======== Entries provided

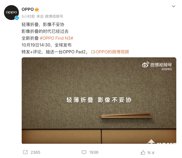 此前,OPPO已經官宣,將于2023年10月19日14:30正式發布全新的折疊屏旗艦OPPO Find N3。發布該產品前,OPPO頻頻給我們預熱該產品。
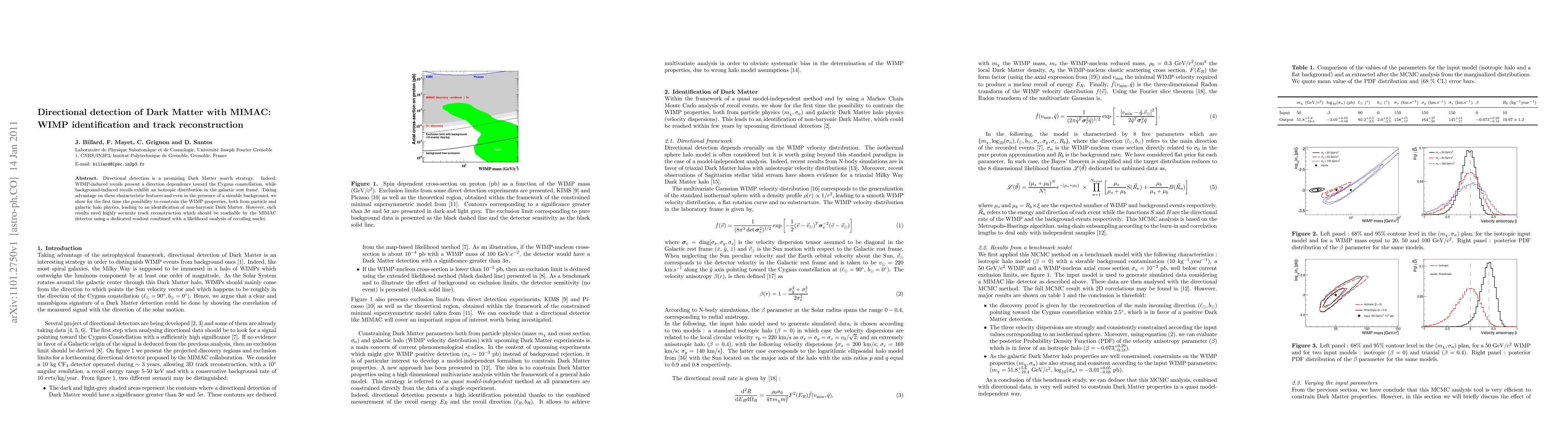 This paper explores the directional detection of Dark Matter using the MIMAC detector, demonstrating the potential for WIMP identification through directional dependence of WIMP-induced recoils. The study shows how accurate track reconstruction and a likelihood analysis can distinguish WIMP signals from background noise, offering insights into non-baryonic Dark Matter properties.
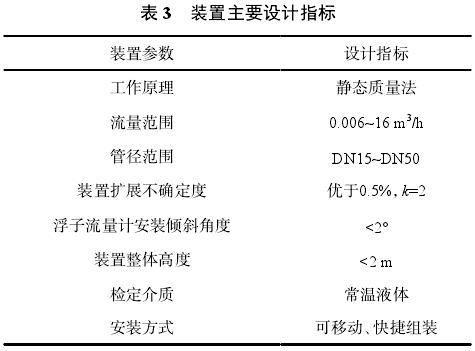 根據(jù)常用流量計口徑、準確度等級和流量測量范圍進行裝置設計,具體設計指標見表3。裝置設計采用測量精度較高的靜態(tài)質量法,流量范圍0.006~16m2/h,滿足常用口徑DN15~DN50液體浮子流量計檢定需求。浮子流量計檢定裝置的擴展不確定度應優(yōu)于被檢流量計最大允許誤差的1/2凹最高準確度等級浮子流量計為1.0級(表2),因此組合裝置的擴展不確定度應優(yōu)于0.5%。為保證測量準確性,浮子流量計安裝傾斜角度應<2°。為了方便裝置的移動、拆卸和高效組裝,整套裝置高度應不超過2m。
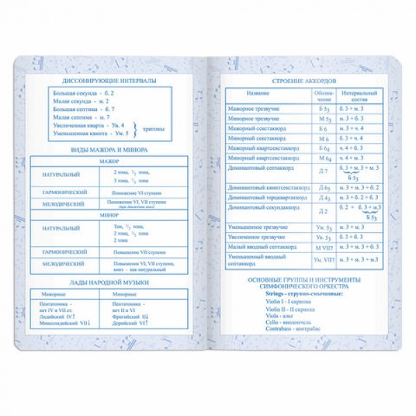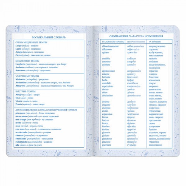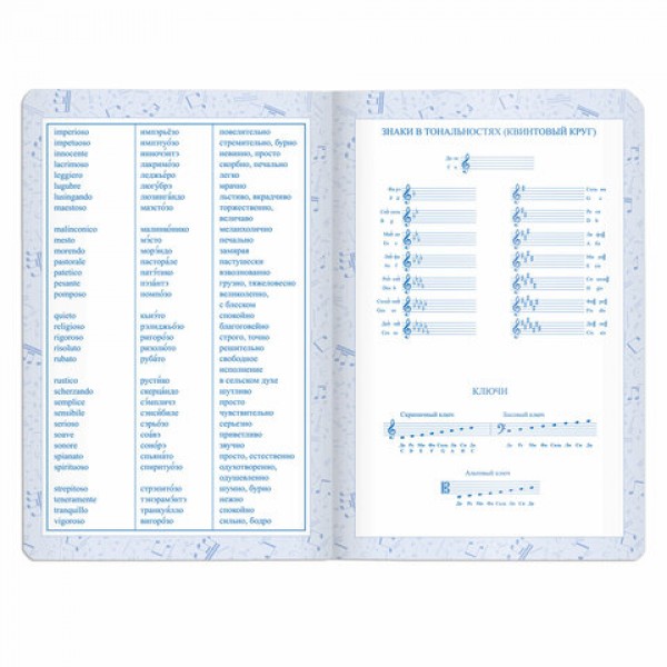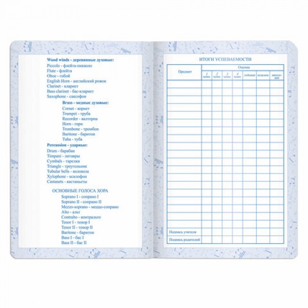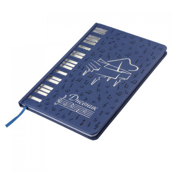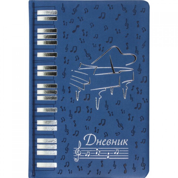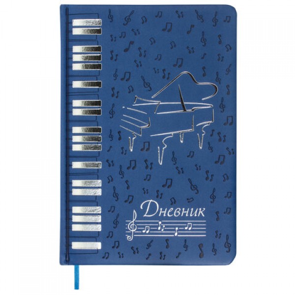 Дневник для музыкальной школы 140х210 мм, 48 л., обложка кожзам твердая, фольга, BRAUBERG, справочный материал, темно-синий, 105500
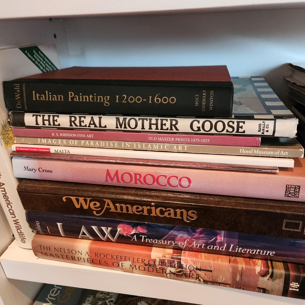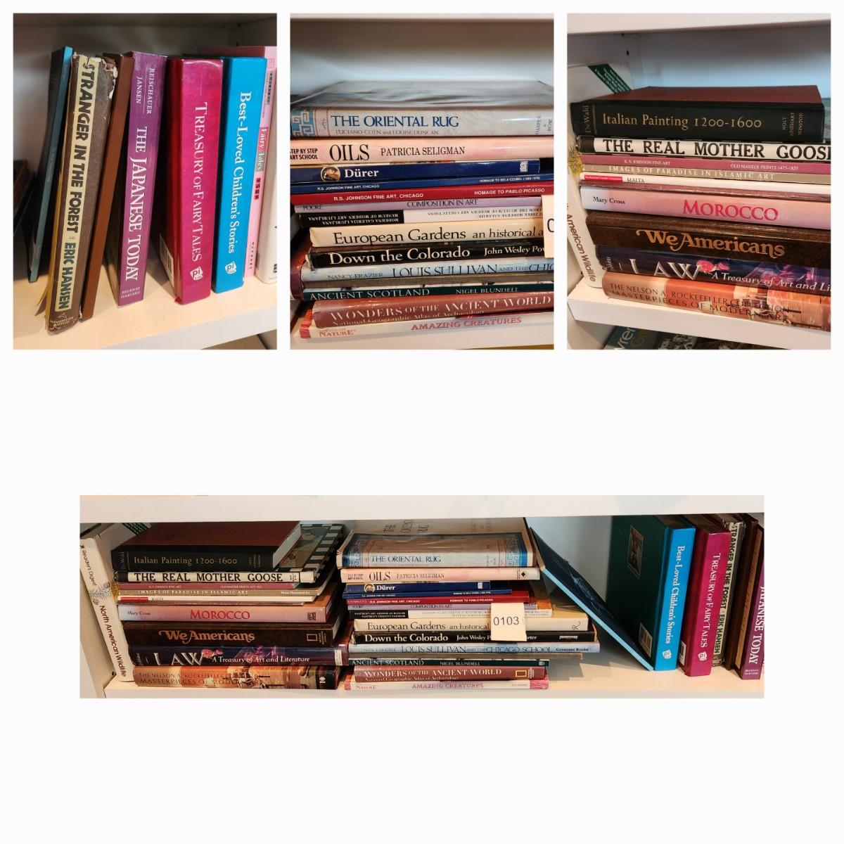 Shelf of Books Art ,Oriental Rug , Fairy Tails Children's Stories
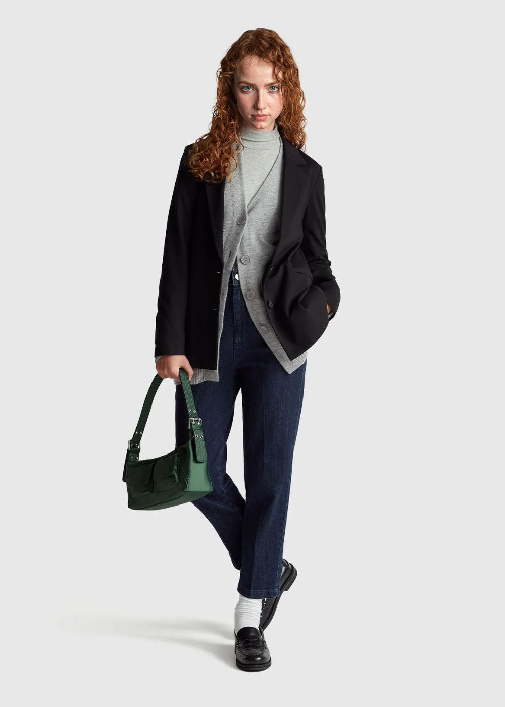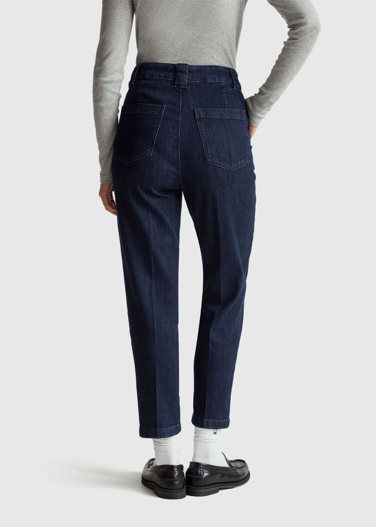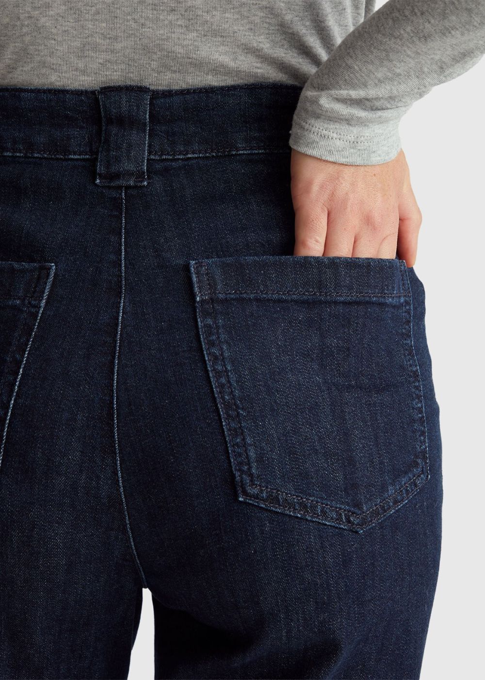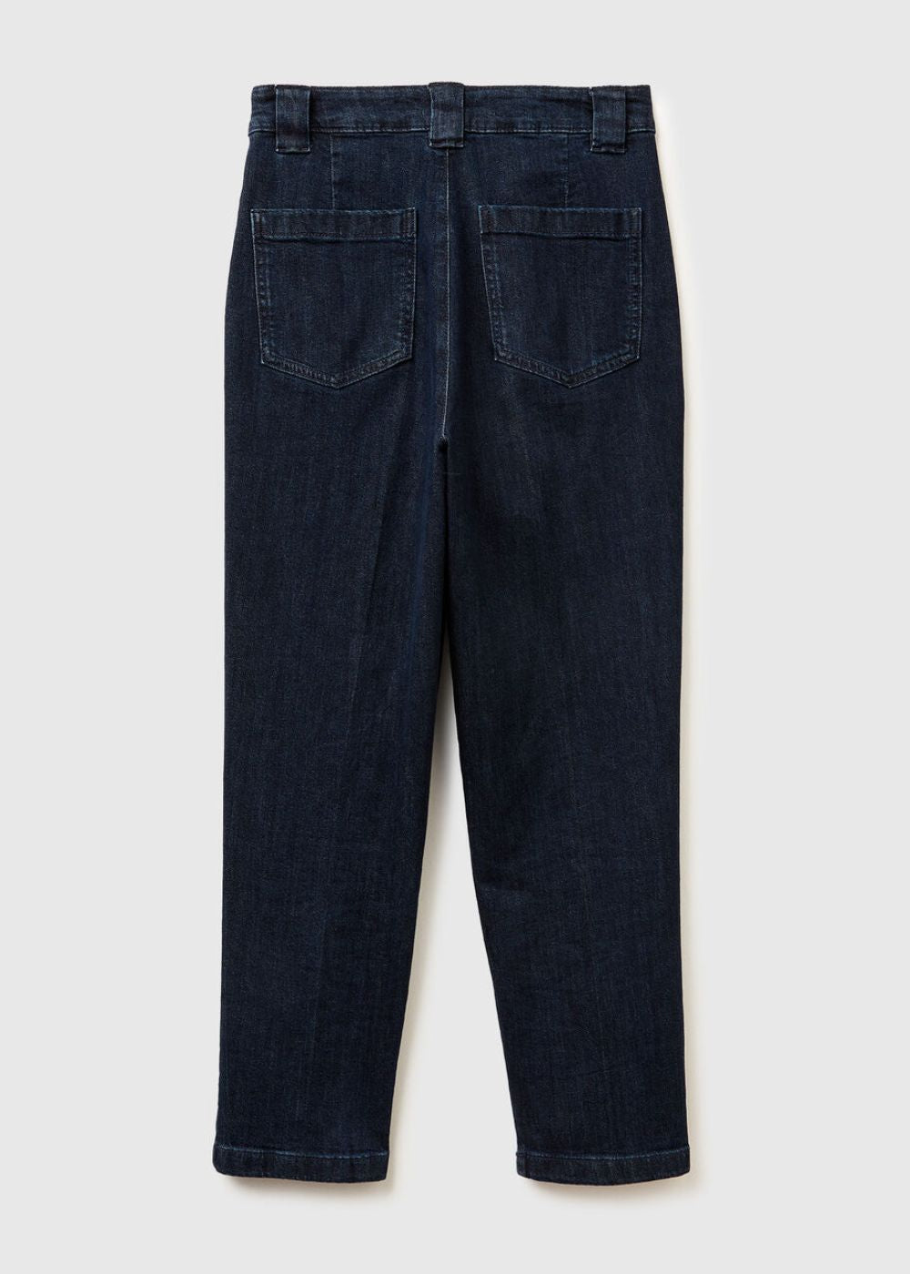Long chino-style trousers in stretch cotton denim. Waist with zip and button opening, front pockets and welt pockets on the back. This garment is made with at least 20% RCS certified recycled cotton. CERTIFIED BY ICEA - ICEA - TX - 611. Products certified to the Recycled Claim Standard (RCS) contain recycled content that has been independently verified at every stage of the supply chain, from the recycling to the finished product.
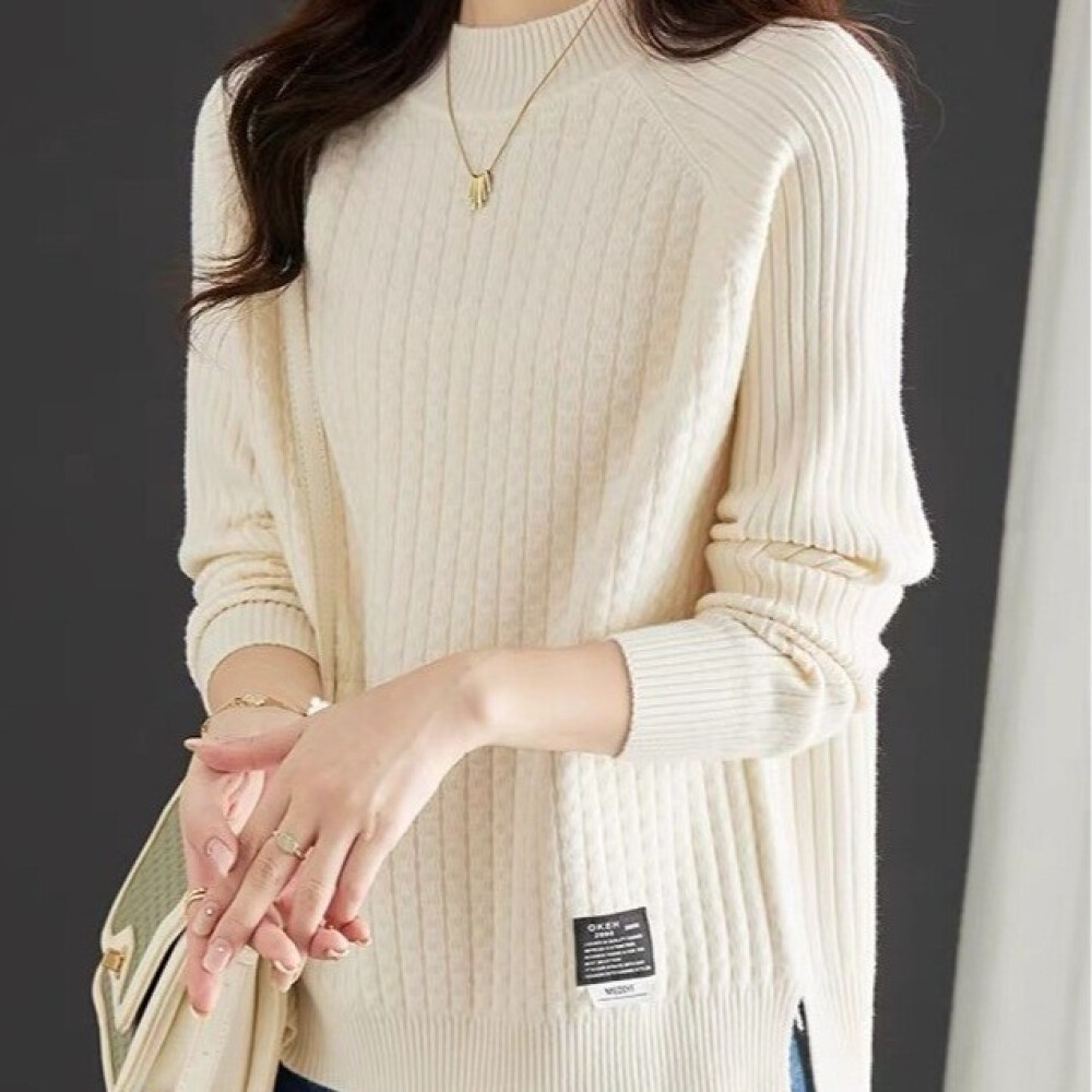 [제로투올샵2] 여성용 화이트 긴팔 반목 니트 크롭티 블랙 S
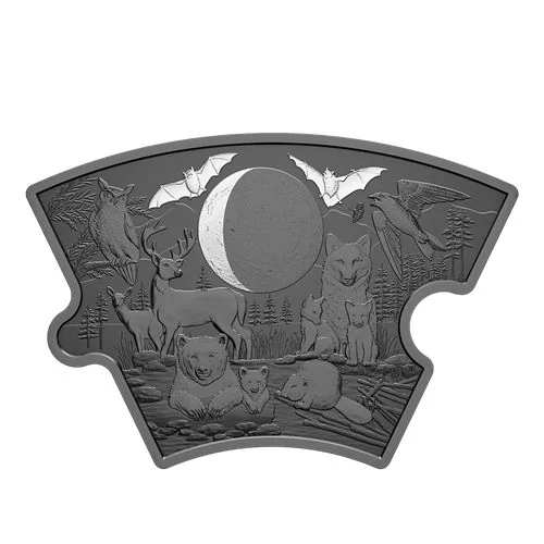 Inspired by the lunar cycle, this puzzle piece features a black rhodium plating to create a nocturnal setting. The shared engraved forest motif is partially concealed by the plating to reveal a specific Moon phase and a Canadian twilight animal—like little brown bats for the waning crescent.
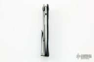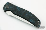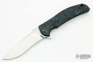 This Q-36 framelock flipper by RJ Martin features a tumble finished, recurve Magnacut (RC63) blade with notched thumbrest and a flipper. The handle has a black/blue Fat Carbon and blasted titanium frame and tip up clip, zirconium pivot and screws, and a Fat Carbon backspacer. Precision roller thrust bearings give the knife a very fast and smooth opening. Nice blade seating, detent and lockup. Comes with a zippered case. New condition.

================

▶ _Exercise details_:
Each entry above should be printed exactly, and any picture in it left out.

▶ _Completed task_:
 此前,OPPO已經官宣,將于2023年10月19日14:30正式發布全新的折疊屏旗艦OPPO Find N3。發布該產品前,OPPO頻頻給我們預熱該產品。
 This paper explores the directional detection of Dark Matter using the MIMAC detector, demonstrating the potential for WIMP identification through directional dependence of WIMP-induced recoils. The study shows how accurate track reconstruction and a likelihood analysis can distinguish WIMP signals from background noise, offering insights into non-baryonic Dark Matter properties.
 根據(jù)常用流量計口徑、準確度等級和流量測量范圍進行裝置設計,具體設計指標見表3。裝置設計采用測量精度較高的靜態(tài)質量法,流量范圍0.006~16m2/h,滿足常用口徑DN15~DN50液體浮子流量計檢定需求。浮子流量計檢定裝置的擴展不確定度應優(yōu)于被檢流量計最大允許誤差的1/2凹最高準確度等級浮子流量計為1.0級(表2),因此組合裝置的擴展不確定度應優(yōu)于0.5%。為保證測量準確性,浮子流量計安裝傾斜角度應<2°。為了方便裝置的移動、拆卸和高效組裝,整套裝置高度應不超過2m。
 Дневник для музыкальной школы 140х210 мм, 48 л., обложка кожзам твердая, фольга, BRAUBERG, справочный материал, темно-синий, 105500
 Shelf of Books Art ,Oriental Rug , Fairy Tails Children's Stories
Long chino-style trousers in stretch cotton denim. Waist with zip and button opening, front pockets and welt pockets on the back. This garment is made with at least 20% RCS certified recycled cotton. CERTIFIED BY ICEA - ICEA - TX - 611. Products certified to the Recycled Claim Standard (RCS) contain recycled content that has been independently verified at every stage of the supply chain, from the recycling to the finished product.
 [제로투올샵2] 여성용 화이트 긴팔 반목 니트 크롭티 블랙 S
 Inspired by the lunar cycle, this puzzle piece features a black rhodium plating to create a nocturnal setting. The shared engraved forest motif is partially concealed by the plating to reveal a specific Moon phase and a Canadian twilight animal—like little brown bats for the waning crescent.
 This Q-36 framelock flipper by RJ Martin features a tumble finished, recurve Magnacut (RC63) blade with notched thumbrest and a flipper. The handle has a black/blue Fat Carbon and blasted titanium frame and tip up clip, zirconium pivot and screws, and a Fat Carbon backspacer. Precision roller thrust bearings give the knife a very fast and smooth opening. Nice blade seating, detent and lockup. Comes with a zippered case. New condition.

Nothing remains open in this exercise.